» **TASK DETAILS**
Every line from the one bearing "一見すると普通のリングのよう" through the last line of the records below is to be output exactly, and no other line; leave out the pictures.

Records from a data collection:
----------
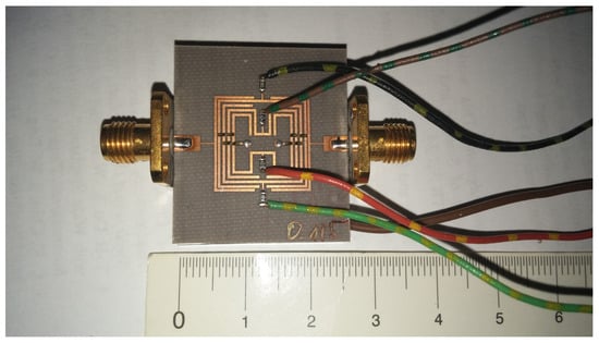 The fabricated prototype of the reconfigurable bandpass filter is shown in Figure 8. The filter is fabricated on Rogers DiClad 880 substrate with εr = 2.17, h = 0.762 mm, and t = 0.017 mm (see Section 2. Materials and Methods). PIN diodes are MACOM flip-chip diodes MADP-042905. Since the diodes are placed in such a way that they do not introduce additional insertion loss when they are in the ON state, we have been looking for diodes with the parasitic capacitance as low as possible. PIN diodes are simulated as a resistor in the ON state (RONPIN = 5 Ω) and as a parallel RC network in the OFF state (ROFFPIN = 50 kΩ, COFFPIN = 0.06 pF) (see Figure 5).
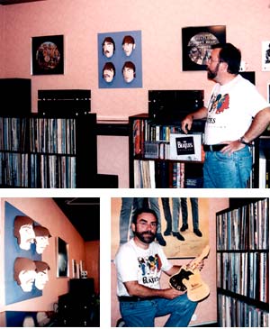 これがビートルズ親父(カメラマンの父親)です。僕も初めて見た。 画面では分かりづらいかもしれませんが、棚の中は全部ビートルズグッズ。親父の着ているTシャツもビートルズです。下の写真で親父が自慢げに見せてるのは、特製ギターケースに納まった、ビートルズメンバー腕時計(計4本)です。ご丁寧にlimited editionと書いてあります。何だよ親父、金持ってんじゃん。まさか時計4本あわせて500クローネで買ったってことはないだろ?ビートルズマスクは今のところ世界に二組しかないのに・・・。 |
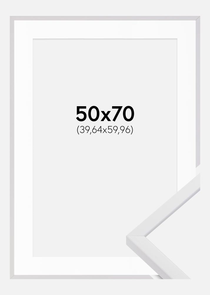 Rama ma szerokość 12 mm i głębokość 20 mm, co nadaje smukły i nowoczesny profil. Matowe wykończenie uzupełnia wszystkie style wnętrz, a biały kolor zarówno ramy, jak i passepartout zapewnia czystą i jednolitą prezentację. Rama jest wyposażona w metalowe haki z tyłu, co umożliwia łatwe zawieszenie w formacie poziomym i pionowym.
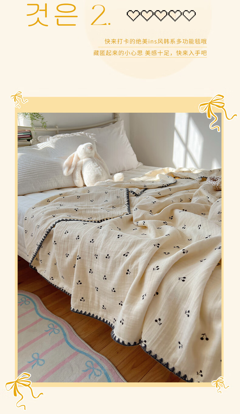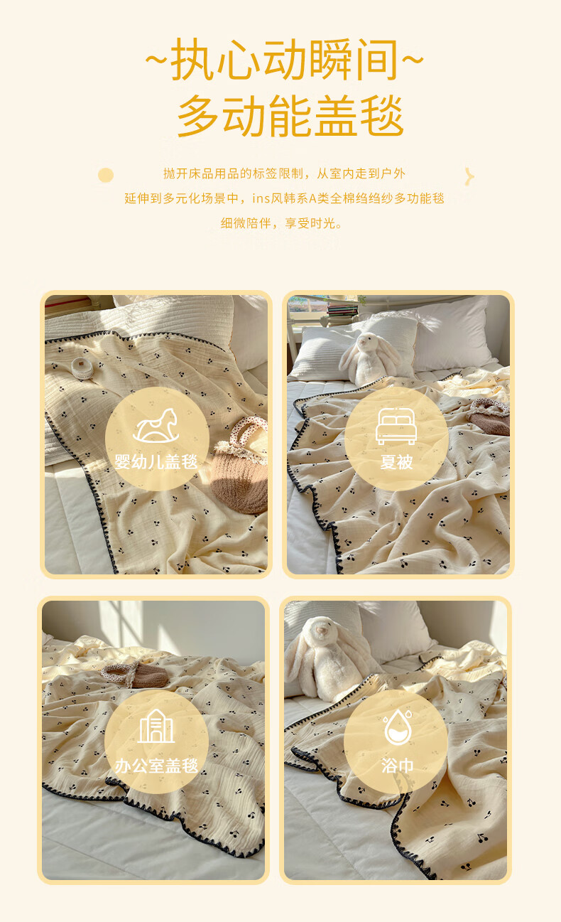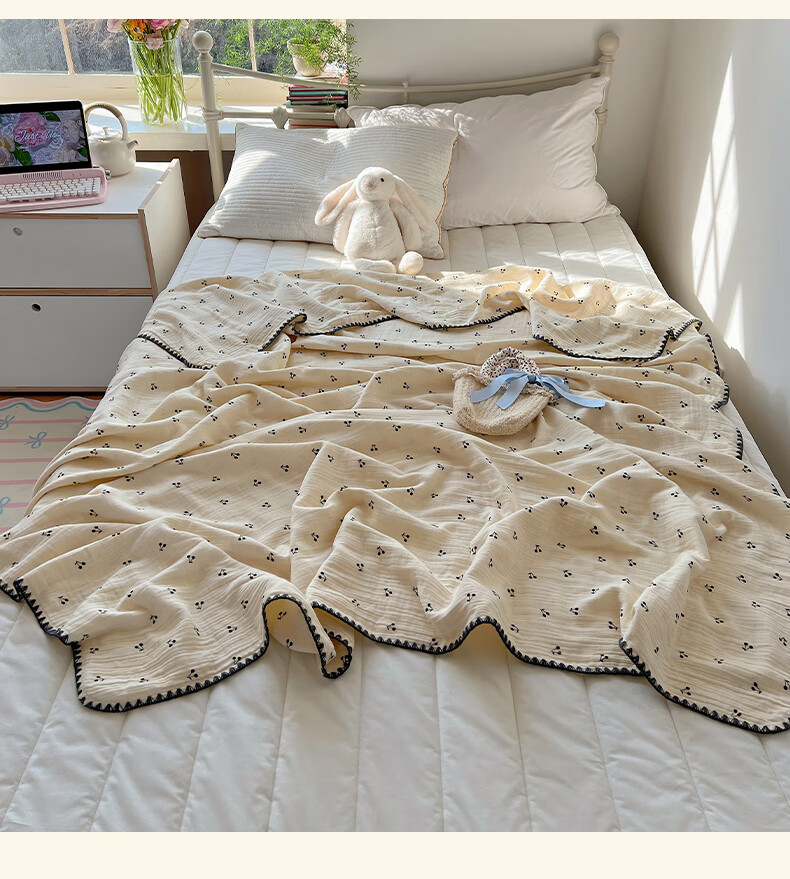 Su Xuan Class A baby pure cotton double-layer gauze blanket nap sofa small blanket cotton office blanket air conditioning quilt core Little Cherry 80x105cm leg covering blanket
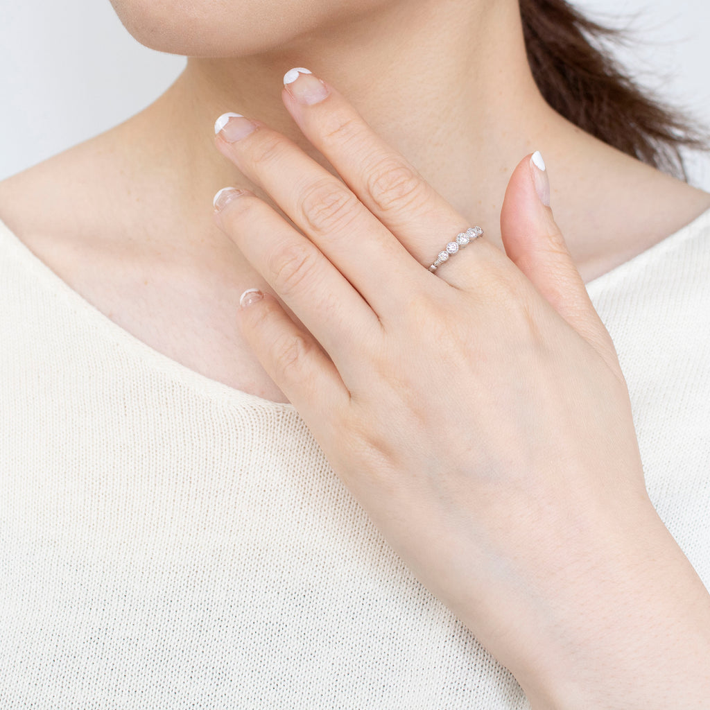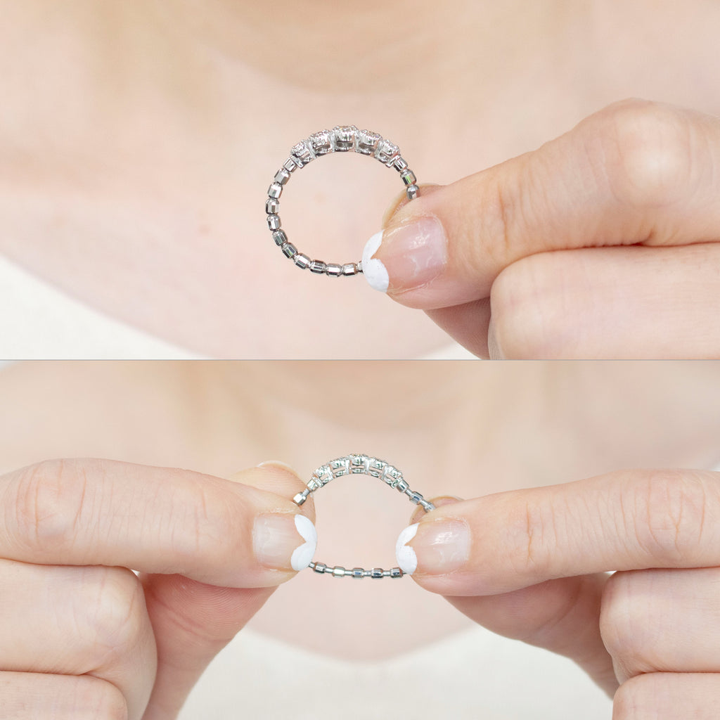 一見すると普通のリングのようなデザインですが、軽くて伸縮するのでラクな着け心地でリングをお楽しみいただけます。
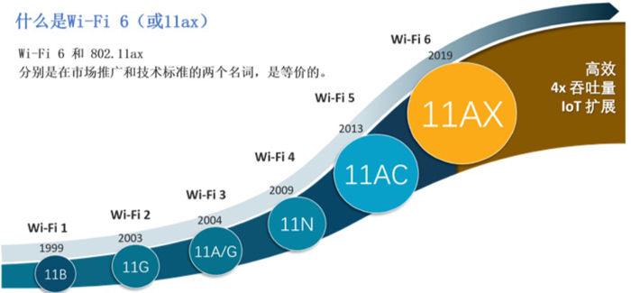 在2019年WiFi聯(lián)盟將WiFi重新命名,按照出現(xiàn)時間的先后,分別定義為WiFi1到WiFi6,現(xiàn)在我們經(jīng)常提及的WiFi6也就是EEE802.11ax。
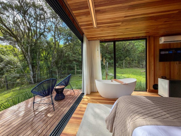 Lugar para descansar, conexão com a natureza. Nossa experiência foi excelente. Uma recepção lindíssima, de muito bom gosto, muito aconchegante, com uma vista linda. A Cabana impressionou, os detalhes chamam a atenção, tudo feito com muito capricho e bom gosto. Ambiente limpíssimo. Fomos atendidos pelos donos e a gerente, a expectativa e preocupação pela nossa satisfação era muito evidente e isso nos cativou muito. O café da manhã é servido no espaço da recepção e confesso que o café surpreendeu minhas expectativas, café servido em 4 etapas, tudo quentinho e muito gostoso, um dos melhores cafés que eu já tomei. Super recomendo e vamos voltar. O lugar foi tão especial para nós que não sentimos necessidade de fazer um tour pela cidade, ficamos para aproveitar bem a cabana e o lugar tranquilo.
----------
» **THE ANSWER**
 一見すると普通のリングのようなデザインですが、軽くて伸縮するのでラクな着け心地でリングをお楽しみいただけます。
 在2019年WiFi聯(lián)盟將WiFi重新命名,按照出現(xiàn)時間的先后,分別定義為WiFi1到WiFi6,現(xiàn)在我們經(jīng)常提及的WiFi6也就是EEE802.11ax。
 Lugar para descansar, conexão com a natureza. Nossa experiência foi excelente. Uma recepção lindíssima, de muito bom gosto, muito aconchegante, com uma vista linda. A Cabana impressionou, os detalhes chamam a atenção, tudo feito com muito capricho e bom gosto. Ambiente limpíssimo. Fomos atendidos pelos donos e a gerente, a expectativa e preocupação pela nossa satisfação era muito evidente e isso nos cativou muito. O café da manhã é servido no espaço da recepção e confesso que o café surpreendeu minhas expectativas, café servido em 4 etapas, tudo quentinho e muito gostoso, um dos melhores cafés que eu já tomei. Super recomendo e vamos voltar. O lugar foi tão especial para nós que não sentimos necessidade de fazer um tour pela cidade, ficamos para aproveitar bem a cabana e o lugar tranquilo.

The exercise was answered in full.